We should advance work on both fronts –  governance reform, and open review of the PTA issues in advance of the next renegotiation.  I’m not convinced of the case for material change in the PTA –  or that eg nominal GDP targeting, or wage targeting, or adding an external balance consideration –  would make much practical difference anyway (points I’ve covered in earlier posts).  But the research should be done, and debated, openly, to test and explore the arguments and alternatives.

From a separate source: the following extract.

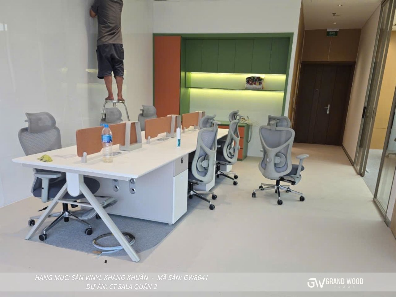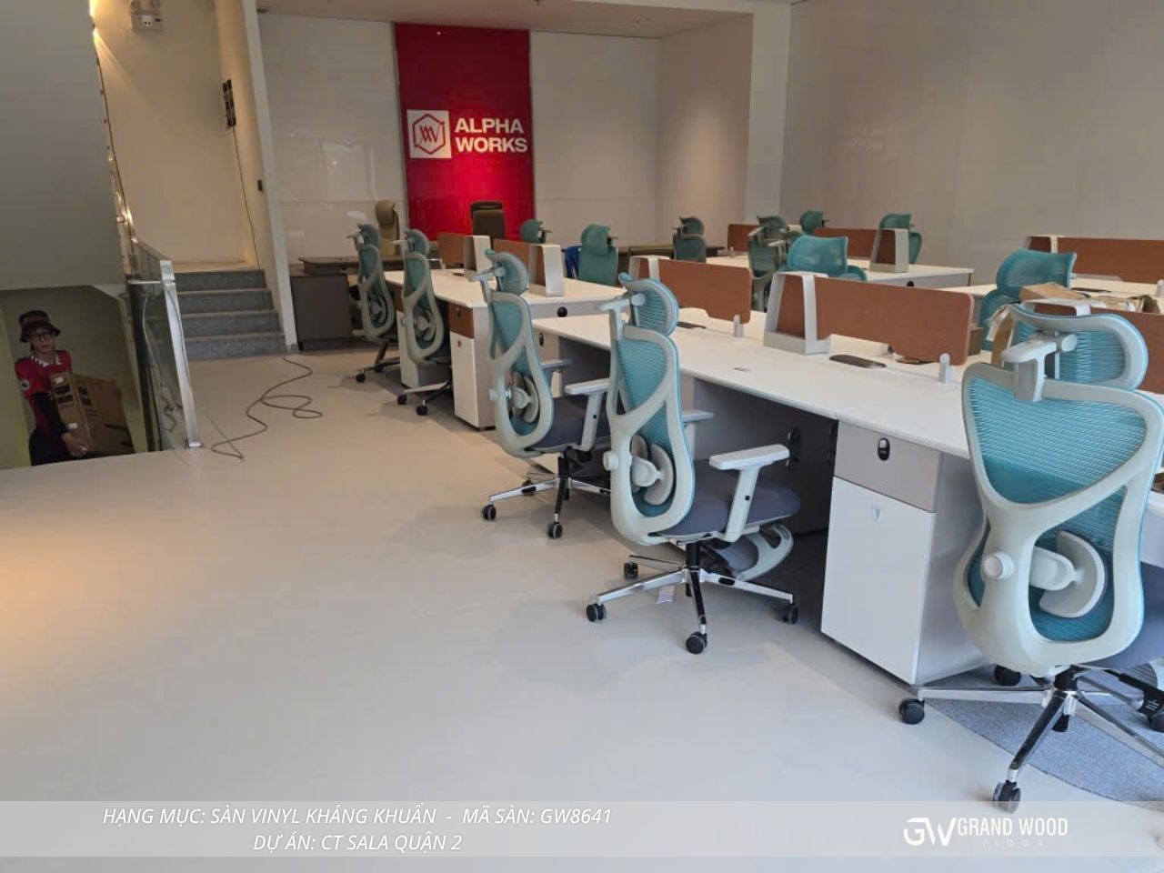 Trong phân khúc thiết kế nội thất văn phòng cao cấp hiện nay, việc lựa chọn vật liệu sàn không đơn thuần chỉ dừng lại ở yếu tố thẩm mỹ mà còn phải đáp ứng những tiêu chuẩn khắt khe về an toàn sức khỏe và độ bền công nghiệp. Dự án lắp đặt sàn Vinyl kháng khuẩn mã GW8641 của Grand Wood tại khu đô thị Sala, Quận 2 là một minh chứng điển hình cho sự kết hợp hoàn hảo giữa công nghệ vật liệu tiên tiến và tư duy thiết kế hiện đại. Với đặc tính kháng khuẩn vượt trội cùng tông màu xám trung tính tinh tế, dòng sàn này đang trở thành lựa chọn ưu tiên hàng đầu cho các tập đoàn lớn như Alpha Works, nơi đòi hỏi sự chuyên nghiệp và môi trường làm việc chuẩn quốc tế. Việc đầu tư vào hệ thống sàn chất lượng không chỉ giúp nâng tầm giá trị thương hiệu mà còn tạo ra một không gian làm việc an tâm, giúp nhân sự tối ưu hóa năng suất trong một môi trường sạch khuẩn và tĩnh lặng tuyệt đối.

But the problem at present is not that inflation targeting is being followed too closely, let alone “mechanistically”, or that it is proving overly and inappropriately restrictive.  It is that isn’t being taken seriously by those – the Bank –  with a legal responsibility to do so.

 

 

7 thoughts on “Monetary policy is bust….

  1. It’s good to see someone pushing back on these journalists pushing fiscal policy. I finally got around to reading the recent article in the Economist and Martin Wolf’s piece on monetary policy. I was struck in these by the lack of a detailed criticism of QE. I would have said that in a big picture sense, QE in the US and Japan, two very different countries, was associated with much better employment and growth outcomes than the previous policy of fiscal expansion. The Economist (Ryan Event? who is usually very good) brushed aside QE saying it hadn’t achieved much except hot money flows into EMs. But I would have thought the fairer view would be that the larger EMs have very much driven their own credit expansion.

    Like

    • The US needed QE to crack the Yuan peg to the USD and to re-establish itself as a superpower and a super economy. It was a fightback and it looks like it has paid off for the US. The Chinese call it “dried salted fish springs back to live”.

      Like

  2. I’m a bit more skeptical about the impact of later rounds of QE in the US than you. To the extent they helped, it was probably as a signal that policy rates would be kept low for longer. But I agree with you on the EMs.

    Like

  3. The banks are already under pressure to drop interest rates to attract more lending. Development finance which is extremely high risk has dropped to 5%. Even when Bollard dropped the OCR to 2.5%, development finance at that time still held up at 10%. There is too much saving deposits within the NZ banking system. The banks will be letting loose soon with the risk assessment criteria being lowered. I would expect to see low documentation loans re-enter the market as we saw when the RB started raising interest rates between 2002 to 2007. Also lending on your own home LVR would start to go 100% finance soon as well.

    Like

    • I don’t think Wheeler has any choice but to drop the OCR to 2.0% within the next 6 months before bank stability risks on the liability(savings) side of the equation start to impair the banks balance sheet.

      Like

  4. I guess it is only natural that cutting the policy rate to a historical low raises the bar about the degree of conviction and confidence the Governor has in the supporting analysis: will a lower rate serve to signal weaker than expected economic conditions which creates an air of uncertainty rather than boosting confidence in the inflation target? Will demand increase via further credit extension or the unleashing of precautionary cash balances? Will the offshore funding base ‘walk’ but not run from a lower policy rate path and what does this mean for overall domestic funding costs/stability? But take your (crystal clear!) point: history should not prevent new actions and when the facts change, so should the policy stance.